Windows – Performance effects of compressing Program Files on Windows / NTFS

compressionntfsperformancevirtual-memorywindows

What are the performance effects of compressing Program Files on Windows NTFS?

On a fast, multicore machine, the overhead of decompression is minimal. Machines are generally disk bound, and if you can reduce the disk load by compression, you often speed things up. (Microsoft says that the built in compression of Windows Search indexes actually improves speed for this reason.)

On the other hand, Windows' virtual memory is complicated. Perhaps if files are compressed, they can't be paged out simply. And there may be other issues.

In short: On a fast, multicore machine with a relatively slow disk, what performance effects will compressing Program Files have?

Best Answer

For most server machines, it should probably be hitting files in %PROGRAM_FILES% at boot and initialization, and not very often after that - it should get anything it needs to run into memory, and then page-in/out as needed without having to hit the actual original file on disk again.

An exception could be log files, if they are in the directory tree that you've compressed. And in that case it's doing a ton of writes, so I don't see compression helping IO performance in any way at all. If your application(s) involve generating or seeking through large files, that would also make a difference. But in either case, you shouldn't have those files located on your system volume; if they fill up, your system is down, so you should keep such transient or growing files on a different partition (which you may or may not want to compress.)

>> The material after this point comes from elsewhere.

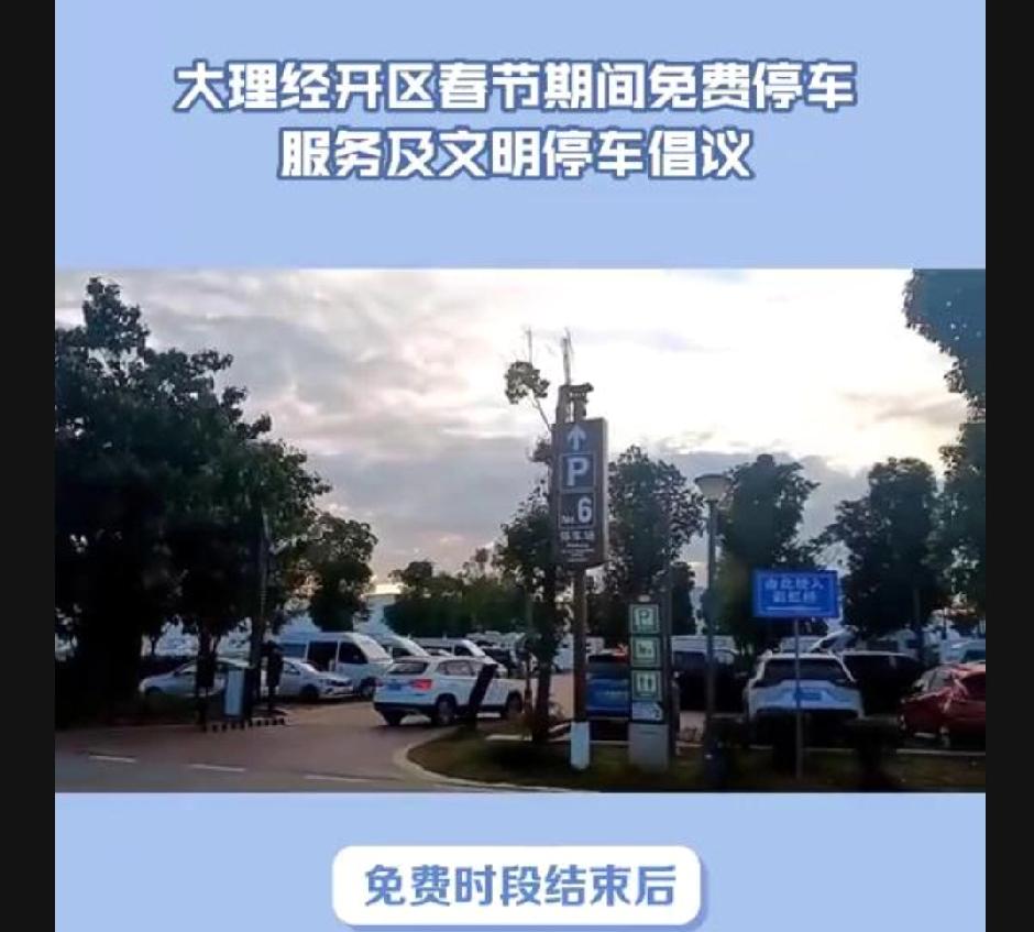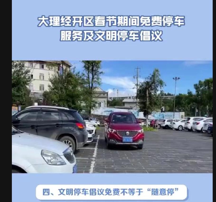 大理经开区春节期间免费停车服务及文明停车倡议。 大理经开区路侧公共停车位及部分停车场春节期间免费开放,致广大司机朋友的一封信。 亲爱的司机朋友们,新春佳节将至,苍山洱海迎客来,风花雪月待君游。为营造安全、有序、便捷的旅游环境,切实缓解春节假期"停车难"问题,2026年春节期间,大理经开区路侧公共停车位及部分停车场实行免费开放,让每一位司机朋友停得安心、玩得舒心、行得顺心。 ·一、免费停车时间2026年2月15日上午8:00起至2月23日晚上20:00止,共计9天。 ·二、免费范围大理经济技术开发区范围内进行停车收费管理的全部路段,以及黄瓜营口袋公园停车场、天井村口袋公园停车场、夏尔阳口袋公园停车场、海涵口袋公园停车场、育才三小地下停车场,共计5个停车场。 ·三、温馨提示本次免费仅限政府施划的大理经开区路侧公共停车位及部分停车场,不包含商场、酒店、私人停车场及封闭式收费停车场。 ·四、文明停车倡议免费不等于"随意停",为保障道路畅通与游客安全,请您务必做到按位停放,车辆停人标线内不压线、不跨位,方向一致,按道路行驶方向顺向停车,留出通道,不在消防通道、公交站交叉路口50米内停车。爱护环境,不乱扔垃圾,不破坏绿化设施,服从引导,听从现场交警指挥,高峰期耐心等候。 ·五、特别提醒春节期间大理游客量大,建议错峰出行,免费时段结束后将恢复正常收费。请留意现场告示牌,停车期间请锁好车门车窗,妥善保管车内贵重物品。免费停车时段内车辆及车内物品的安全由车主自行承担。如遇停车相关问题,请拨打大理州信息产业投资有限公司服务热线:19388516232、19143254502。 风花雪月地,四季好风光。大理不仅以美景相邀,更以诚意相待。这个春节让我们在苍山雪影下团圆,在洱海清波旁欢聚。祝您一路平安、新春快乐、旅途愉快! 大理州信息产业投资有限公司2026年2月13日。临时停车免费 免费停车点 对外免费停车 免费汽车停车点 大理路边停车费 免费停车好去处 大理 免费

Another exception would be if it's hitting a ton of different binaries during normal operations, but I would imagine that's much more common on a desktop machine than most servers. An exception would be a Citrix or TS server presenting complete desktop sessions; I'm sure there could be some others scenarios too.

So, I imagine the best answer would be "it depends on your server's workload. Try it with and without, with appropriate benchmarking, and tell us what you found."

As a side note, if you have new hardware, configured properly, why should free disk space on c:\ be a concern?